**Your instructions**
Below this line are records; write out exactly the lines from the one containing "Acte de lliurament" through the one containing "Kompong Cham'da bir köy camii", with the pictures left out.

[Stored records]
┌──

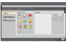
▲ 图标选择 / 注册屏幕
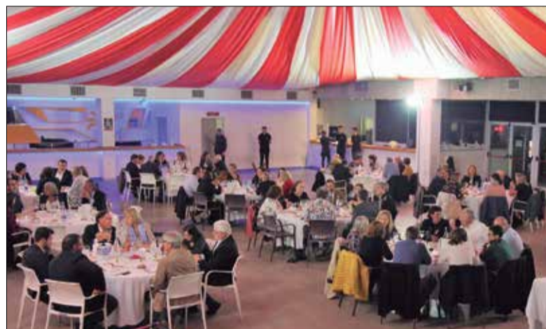
Acte de lliurament dels Lalo 2018. ✦ FUNDACIÓ SANT ANTONI ABAT

de la Pau. En concret, al passatge s'hi estan renovant parets, terra i sostre, s'il·luminarà, es canviarà el graó per una rampa que el faci 100% accessible, etc.
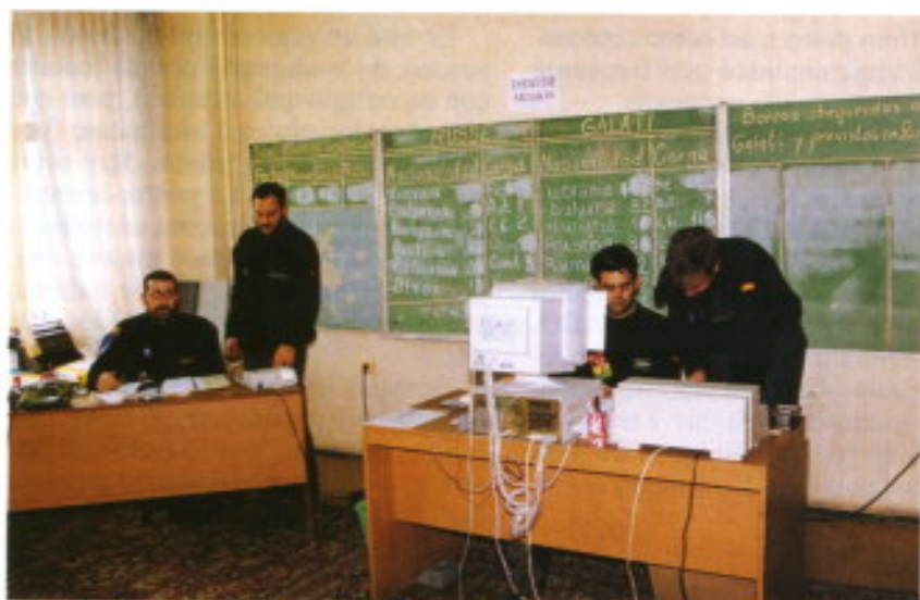
Sala de situación y despacho del Leader.
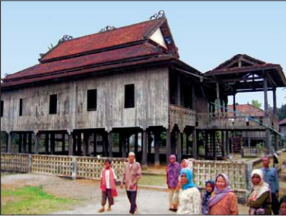
Kompong Cham'da bir köy camii

baskı, öte yandan iktisadî gelişme önünde engel teşkil eden katı siyasî rejim, askerî güçle ülkede muhalefeti temsil eden bütün kesimleri yok etme savaşına girdi. Rejimin katlettiği 2 milyondan fazla insan arasında 200.000'e yakın müslümanın bulunduğu tahmin edilmektedir. Bu süreçte 183 cami ve çok sayıda Kur'an okulu yerle bir edildi. 1975'te müslümanların bir köyde rejime karşı başlattıkları isyan kanlı bir şekilde bastırıldı. Rejim Çamca, Malayca ve Arapça konuşup yazmayı yasakladı. Bu politikalar çerçevesinde Kur'an ve dinî kitapların tamamı yakıldı. 1978'de Vietnam'ın ülkeyi işgaliyle komünist rejim son bulurken bu kanlı yıkımların da durmasını sağladı. Ancak müslümanların yeni siyasî ortamda toparlanması Vietnam'ın ülkeden çekilmesiyle başladı. İslâm ülkelerinden Kamboçya'ya gelen İslâmî teşkilâtlar ve cemiyetler müslümanların yeniden toparlanmasına büyük destek ve katkı sağladı.
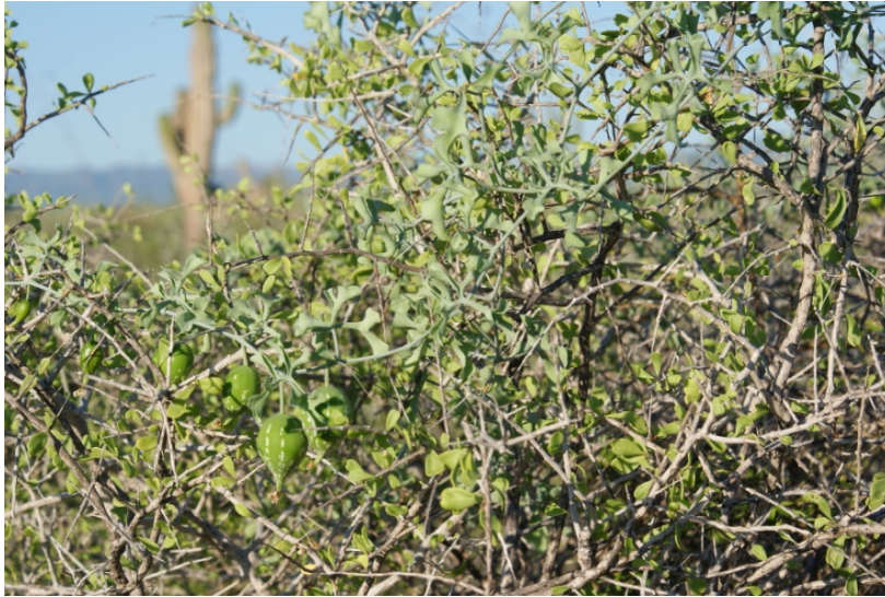
Coyote melón ( Cucurbita palmata )
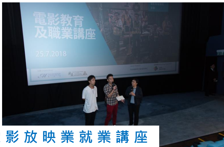
電影放映業就業講座
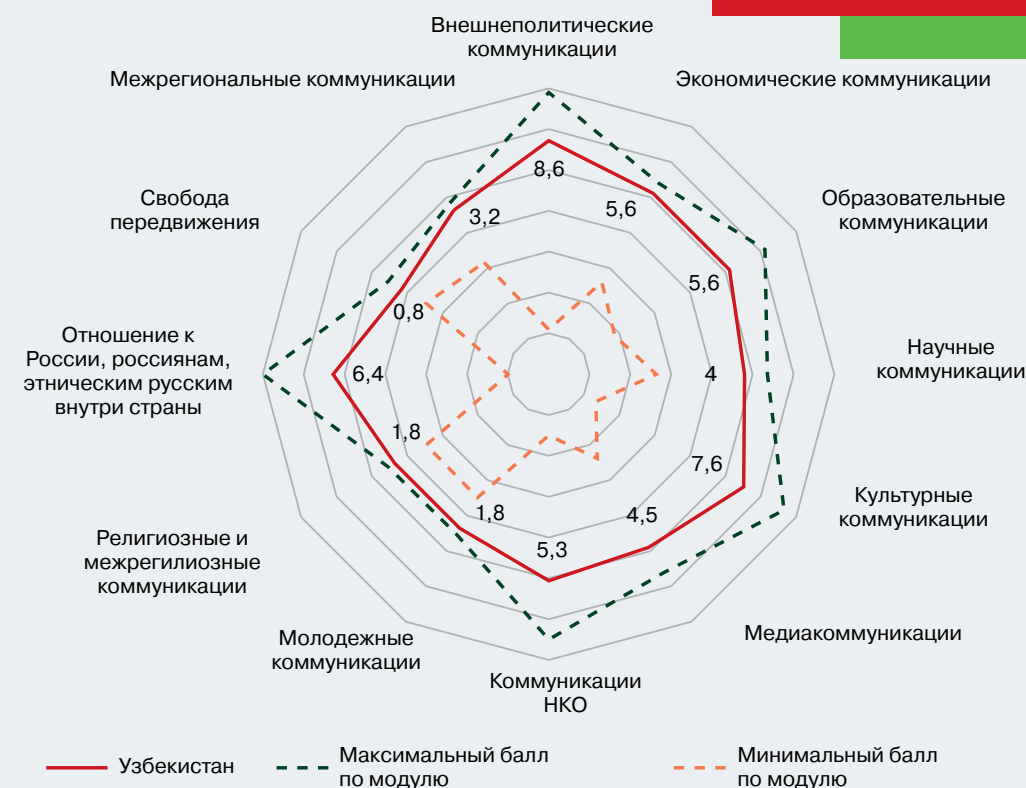
Рисунок 7 – Профиль коммуникационного режима Республики Узбекистан (в баллах)

В 2023 г. коммуникационный режим Узбекистана продемонстрировал свою устойчивость и благоприятные условия развития экономических, культурных, молодежных коммуникаций не только для России, но и других стран, в том числе недружественных России. Политические коммуникации также были весьма многовекторны, но при сохранении приоритетов экономического партнерства с Россией. Наиболее уязвимой сферой коммуникационного режима Узбекистана является гражданский сектор, испытывающий давление западных НКО. Высока вероятность того, что в 2024 г. произойдут изменения условий работы НКО и трансформация медиасреды. В перспективе это может стать фактором трансформации коммуникационного режима в целом.
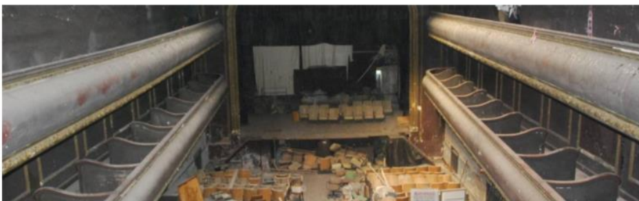
Imagen 18. Tabiques divisorios de palcos

Los palcos laterales, resueltos en dos niveles, incluyen unos separadores de madera que los definen en el primer nivel, careciendo de los mismos el nivel superior. Se preservarán y restaurarán previa consolidación estructural definida en el ítem entrepisos (Imagen 18).
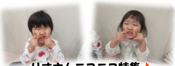
りすさんニコニコ特集🎵

└──

**Answer for the task**
Acte de lliurament dels Lalo 2018. ✦ FUNDACIÓ SANT ANTONI ABAT

de la Pau. En concret, al passatge s'hi estan renovant parets, terra i sostre, s'il·luminarà, es canviarà el graó per una rampa que el faci 100% accessible, etc.
Sala de situación y despacho del Leader.
Kompong Cham'da bir köy camii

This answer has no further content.